La historia de lo ocurrido se propagó como ocurre con las historias y cambió, como también cambian las historias, con el tiempo y la distancia; se difundió desde Illian en los barcos costeros, en caravanas de carretas de mercaderes y con palomas enviadas en secreto, extendiéndose como las ondas en un agua tranquila, mezclándose con otras ondas y creando otras nuevas. Un ejército había llegado a Illian, contaban, un ejército de Aiel, de Aes Sedai que surgían de la nada, de hombres que podían encauzar cabalgando en bestias aladas, e incluso un ejército de saldaeninos, aunque eso último muy pocos lo creyeron. Unas versiones decían que el Dragón Renacido había recibido la Corona de Laurel de manos del Consejo de los Nueve. Otras, que se la había entregado el propio Mattin Stepaneos, rodilla en tierra. Algunos, que el Dragón Renacido había arrancado la corona de la cabeza a Mattin, para después clavar esa cabeza en una pica. No, el Dragón Renacido había arrasado Illian hasta los cimientos, enterrando al viejo rey bajo los escombros. No, él y su ejército de Asha’man habían prendido fuego a Illian hasta reducirla a cenizas. No, era Ebou Dar la que había destruido, después de Illian.

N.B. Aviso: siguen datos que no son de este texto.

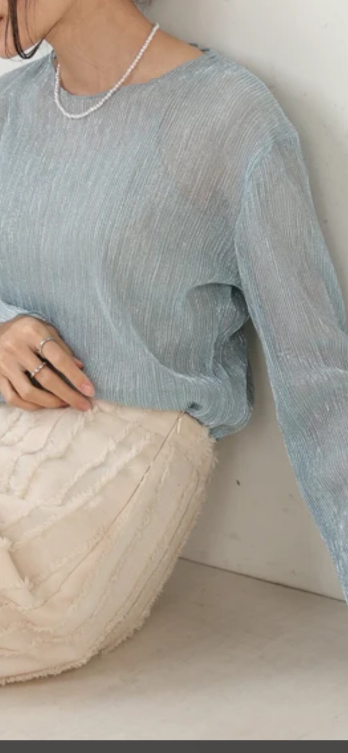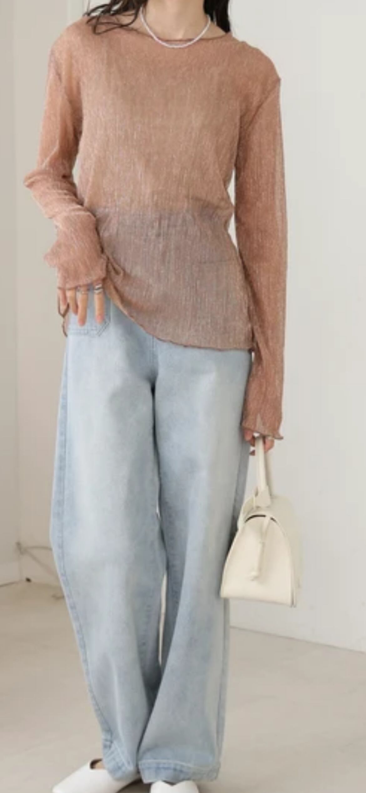 淡いカラーとシアー素材で晩夏からの着用もおすすめ。1枚着で華やかさが演出できるので、シンプルにキャミソール+スラックスと合わせるだけでも素敵です。ラメをふんだんにあしらったシアートップスなので、華やかなスタイルを演出したいときにも◎。ブラックのナロースカートと合わせれば上品でシックなコーディネートに。ビスチェやサスペンダーパンツとのレイヤードでトレンド感のある着こなしも楽しめます。

Un dato, sin embargo, se repetía en todas aquellas versiones. La Corona de Laurel de Illian tenía ahora un nombre nuevo: la Corona de Espadas.
Y, por alguna razón, los hombres y las mujeres que relataban las historias sentían a menudo la necesidad de añadir unas palabras casi idénticas: la tormenta se acerca, decían, mientras miraban hacia el sur con preocupación. La tormenta se acercaba.
Señor de los rayos, jinete de la tormenta,
portador de la Corona de Espadas, hilador del destino.
Aquel que cree que hace girar la Rueda del Tiempo,
puede que descubra la verdad demasiado tarde.